Which is all well and good. Angst is clearly among the top ten creative influences
in pop culture today, and you can run down the list of its prides, finding industrial
somewhere between James Dean and "Star Trek: Deep Space Nine." The backlash of this
burgeoning influence is the ugly fact that angst needs to be done right to be
effective. The angst- ridden want to identify with truly disturbed, unhappy people,
just like us. And when an artist starts to lose their angst, we bitter ones tend to
lose interest. Remember how pissed- off Bono used to be? Now he's smiling every time
you see him! That bastard! I hope he dies a slow, painful death!
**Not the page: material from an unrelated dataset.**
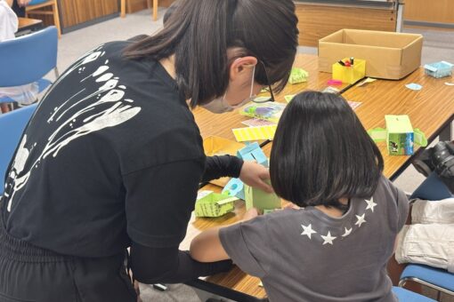 工作教室では、それぞれ1つの机につき、子どもたちの工作のサポートをしました。子どもたちは仕組みを予想し、ワクワクしながら作成をしていました。シールやペンで鳥の顔や模様などを描き、個性豊かな鳥たちが誕生していました。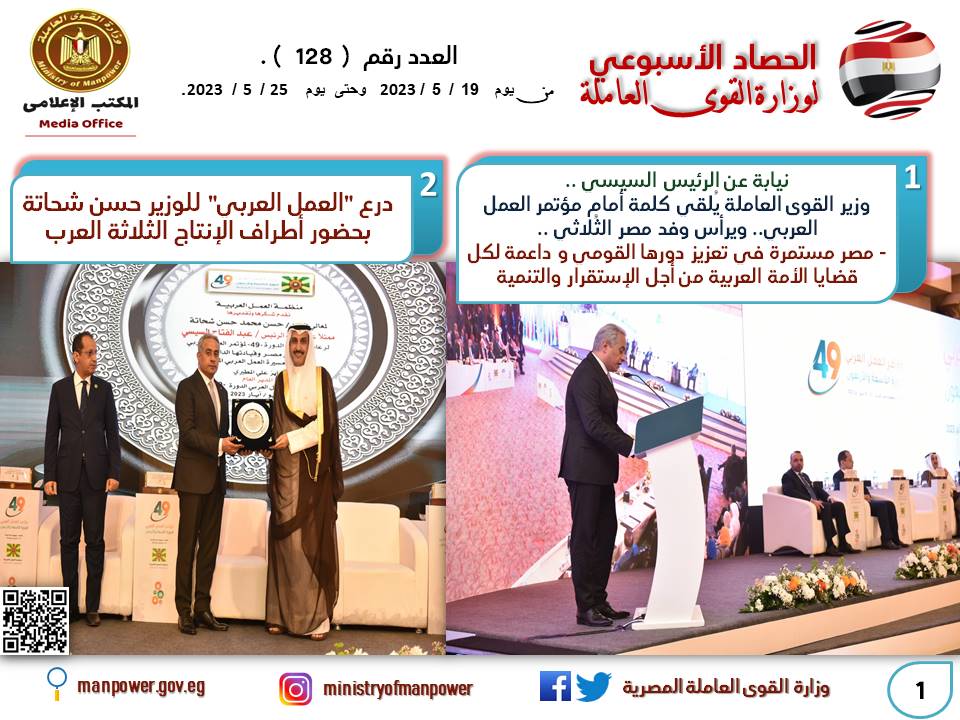 وفي نهاية الأسبوع شارك وزير القوى العاملة حسن شحاتة،فى فعاليات الجلسة الختامية للدورة الـ 49 لمؤتمر العمل العربى،حيث جاءت التوصيات لتؤكد على أهمية العمل العربي المشترك في قضايا العمل،وتعزيز مبادئ وأسس الحوار الاجتماعي بين أطراف الإنتاج،حيث شهدت الجلسة الختامية كلمات لرؤساء فرق الحكومات وأصحاب الأعمال والعمال،والمدير العام لمنظمة العمل العربية،ووجهوا الشكر والتقدير للرئيس عبدالفتاح السيسي،وتلا المدير العام لمنظمة العمل العربية فايز المطيري برقية إلى الرئيس السيسي راعي المؤتمر على رعايته لفعاليات هذه الدورة،واثنوا على دور مصر كدولة للمقر في رعاية كل عمل عربي مشترك،وجاء في البرقية أن الرئيس السيسي داعم للعمل العربي المشترك من أجل التنمية،كما تلا برقية إلى الرئيس الفلسطيني محمود عباس ابو مازن،مؤكدا على دعم مطالب القضية الفلسطينية.

Ahem. Life In The So-Called Space Age is the miserable third
release from God Lives Underwater, and hopefully their last. Their previous
record, Empty, possessed sparks of ingenuity, rage, and that evasive angst,
suggesting strong possibilities for the group's future. Life In The So-Called
Space Age lacks any spark, contenting itself with serving up pseudo- angst
cliches, over- enervatingly ponderous beats and yesterday's electro flavors. Its
length is seemingly infinite, whipping the dead horse of a genre that only lives
today because of a select few that periodically emerge from their ivory towers to
grace us with the inspiration which appears to evade God Lives Underwater. It's an
exhausting listen, not because it beats you down with its energy, but because it's
too obnoxious to sleep to, and so slow- tempoed that it inspires only lethargy.